**WHAT YOU ARE ASKED TO DO**
An exact transcription of all the data is required, with every image removed.

** Opening DATA SEGMENT block **

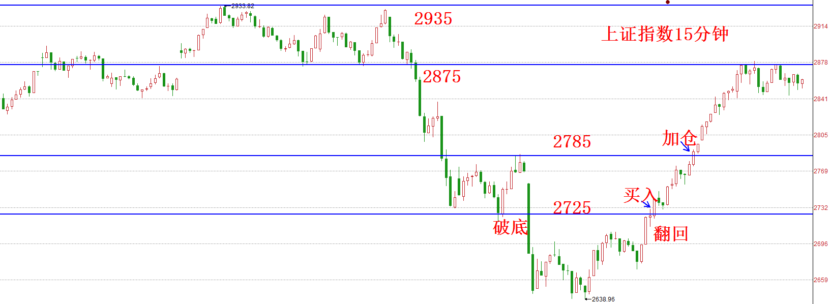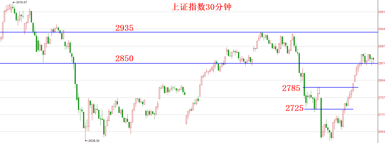 我们可以看到,上证指数在2875-2935点之间有不少套牢盘,所以今天指数多次反弹到该点位遇阻也是非常合理的。如果指数今天就发力强行攻击此套牢区,反而容易陷入后续乏力的困境。我们不妨设想一下此区间套牢投资者的心理:假设投资者是在2900点附近买的股票,当指数跌到2638点时,投资者心理无疑是极度痛苦的,其中一部分人扛不住而终于在低位割肉出局了。之后大盘在最近三天出现了强力反弹,那么对于2900点买入而始终未曾割肉的投资者,他们会怎么想?他们盯着自己的股票账户由亏25%缩小到亏15%,又缩小到亏5%,他们这时候想的是,只要在往上加一把劲,我套牢的股票就可以解套赚钱了!如果今天上证指数再次大涨而突破2935点的短期前高,则2900点左右套牢的投资者通常会先卖出一小部分仓位,看指数涨多了再卖出一小部分,但他通常不会全部卖出。也就是说,经历过这样一波杀跌后,那些前期套牢的投资者不但能够赚钱,而且还能紧紧抱住盈利的筹码,这显然是主力所不能允许的,因为以一轮行情的整体来看,散户赚的就是主力亏的,散户亏的就是主力赚的。那么,主力应该怎么做?
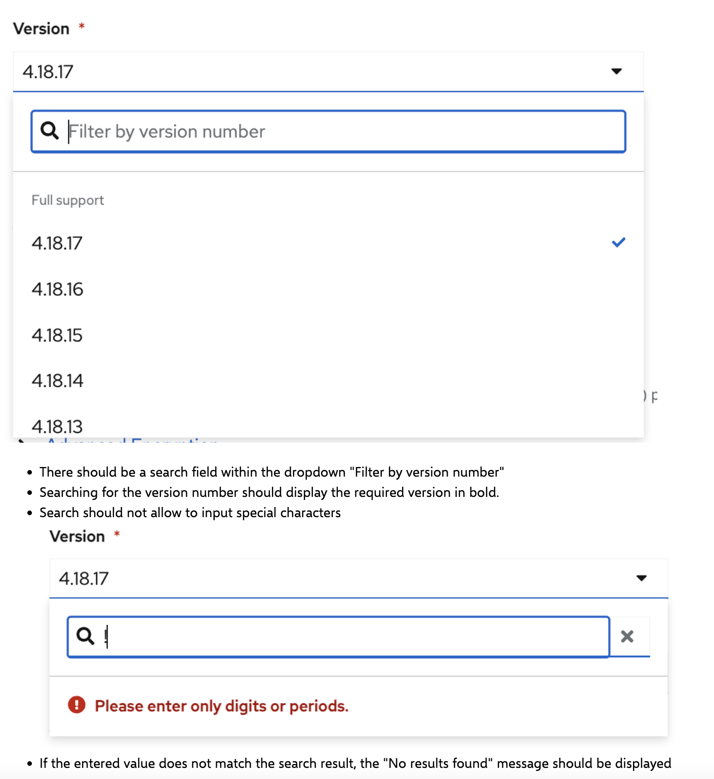 The "Filter by version" field in version drop-down widget us missing from ROSA wizard. The same has been seen with OSD wizard.
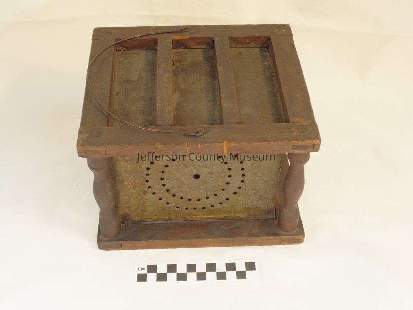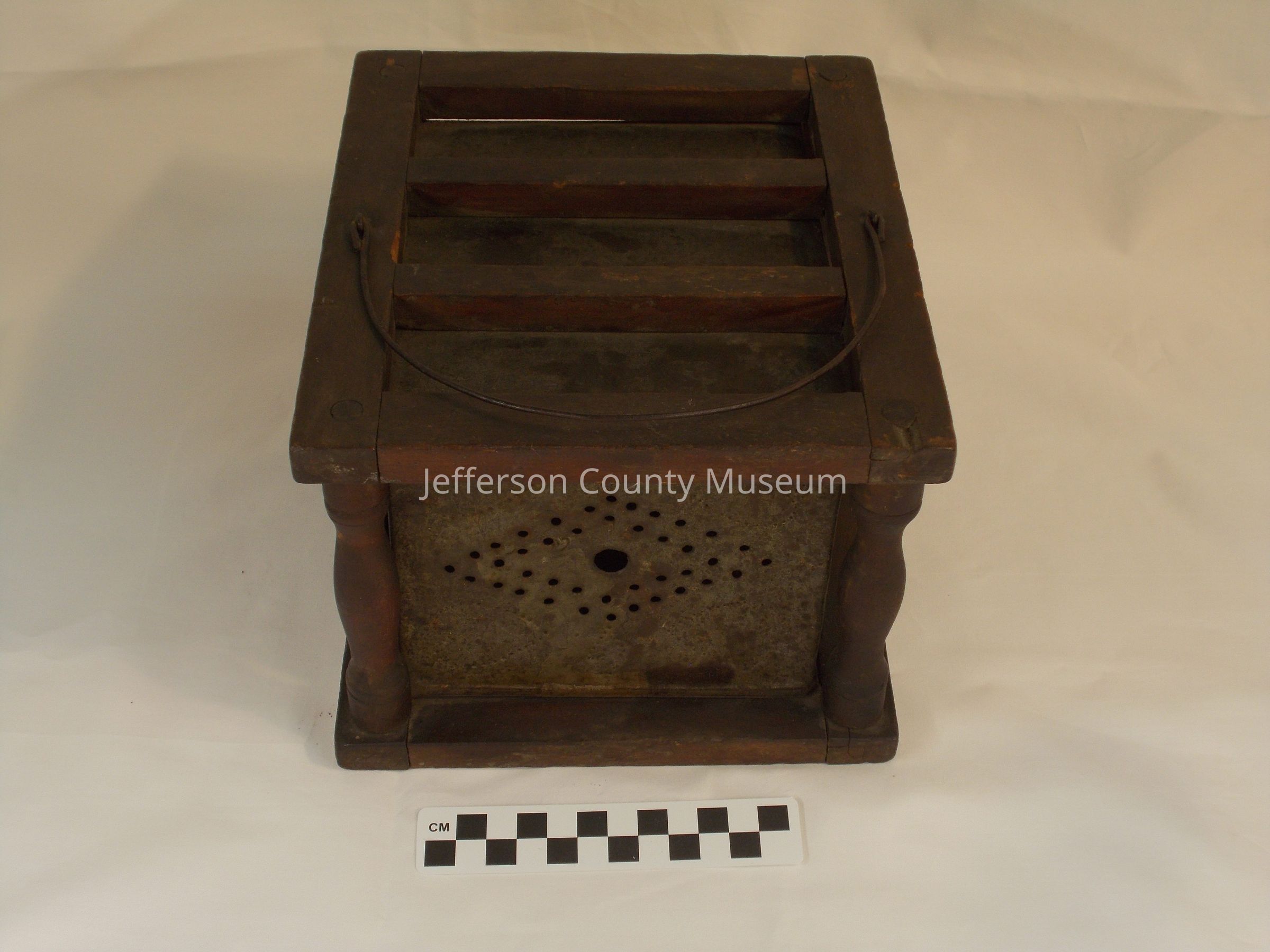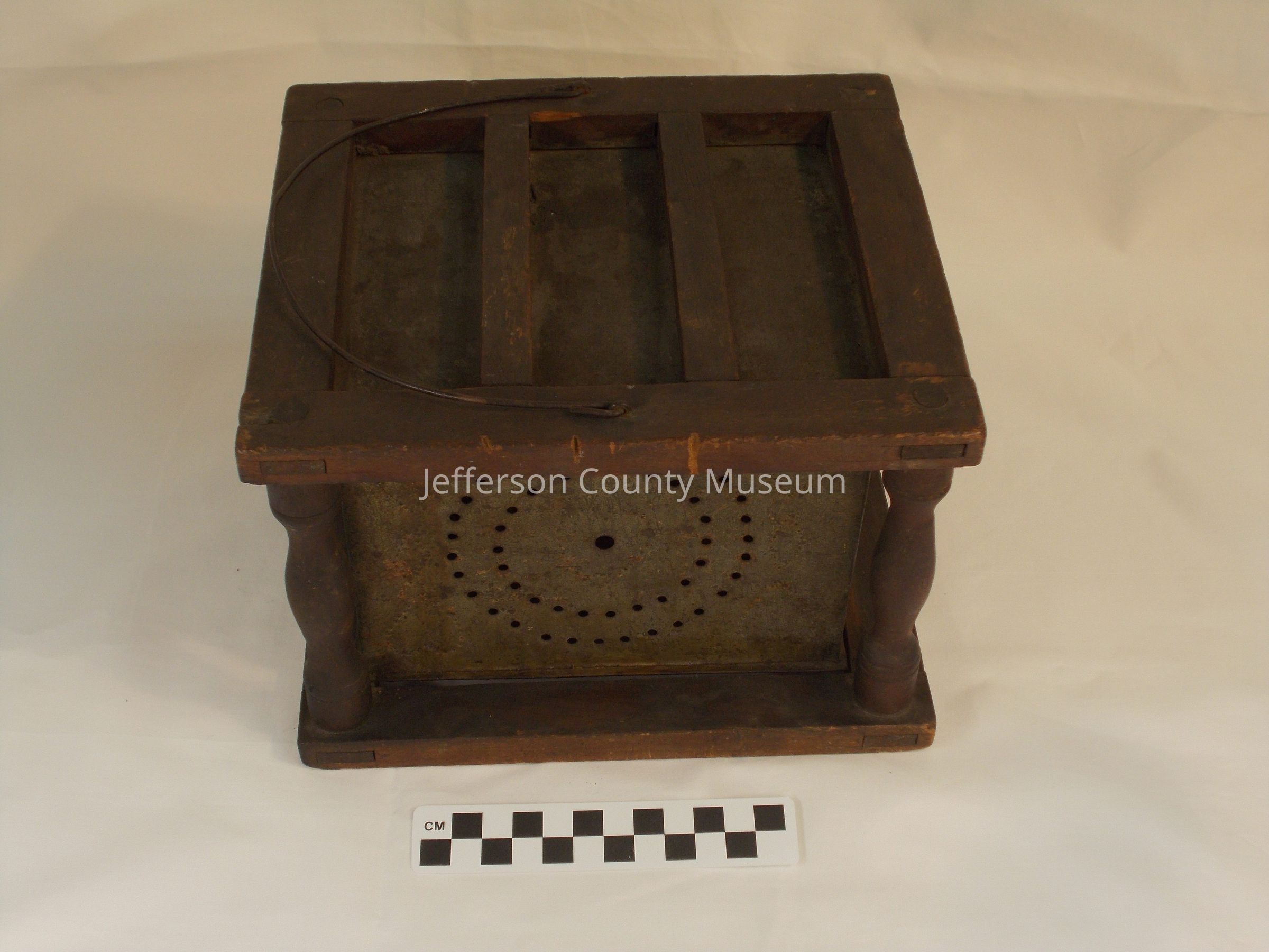 Tin and wood foot warmer with rare punched decoration in metal. Door has holes punched in shape of hand with fingers holding latch. Wire handle for carrying. American, circa 1830-1850.Acquisition

** Closing DATA SEGMENT block **

**RESULT OF THIS TASK**
 我们可以看到,上证指数在2875-2935点之间有不少套牢盘,所以今天指数多次反弹到该点位遇阻也是非常合理的。如果指数今天就发力强行攻击此套牢区,反而容易陷入后续乏力的困境。我们不妨设想一下此区间套牢投资者的心理:假设投资者是在2900点附近买的股票,当指数跌到2638点时,投资者心理无疑是极度痛苦的,其中一部分人扛不住而终于在低位割肉出局了。之后大盘在最近三天出现了强力反弹,那么对于2900点买入而始终未曾割肉的投资者,他们会怎么想?他们盯着自己的股票账户由亏25%缩小到亏15%,又缩小到亏5%,他们这时候想的是,只要在往上加一把劲,我套牢的股票就可以解套赚钱了!如果今天上证指数再次大涨而突破2935点的短期前高,则2900点左右套牢的投资者通常会先卖出一小部分仓位,看指数涨多了再卖出一小部分,但他通常不会全部卖出。也就是说,经历过这样一波杀跌后,那些前期套牢的投资者不但能够赚钱,而且还能紧紧抱住盈利的筹码,这显然是主力所不能允许的,因为以一轮行情的整体来看,散户赚的就是主力亏的,散户亏的就是主力赚的。那么,主力应该怎么做?
 The "Filter by version" field in version drop-down widget us missing from ROSA wizard. The same has been seen with OSD wizard.
 Tin and wood foot warmer with rare punched decoration in metal. Door has holes punched in shape of hand with fingers holding latch. Wire handle for carrying. American, circa 1830-1850.Acquisition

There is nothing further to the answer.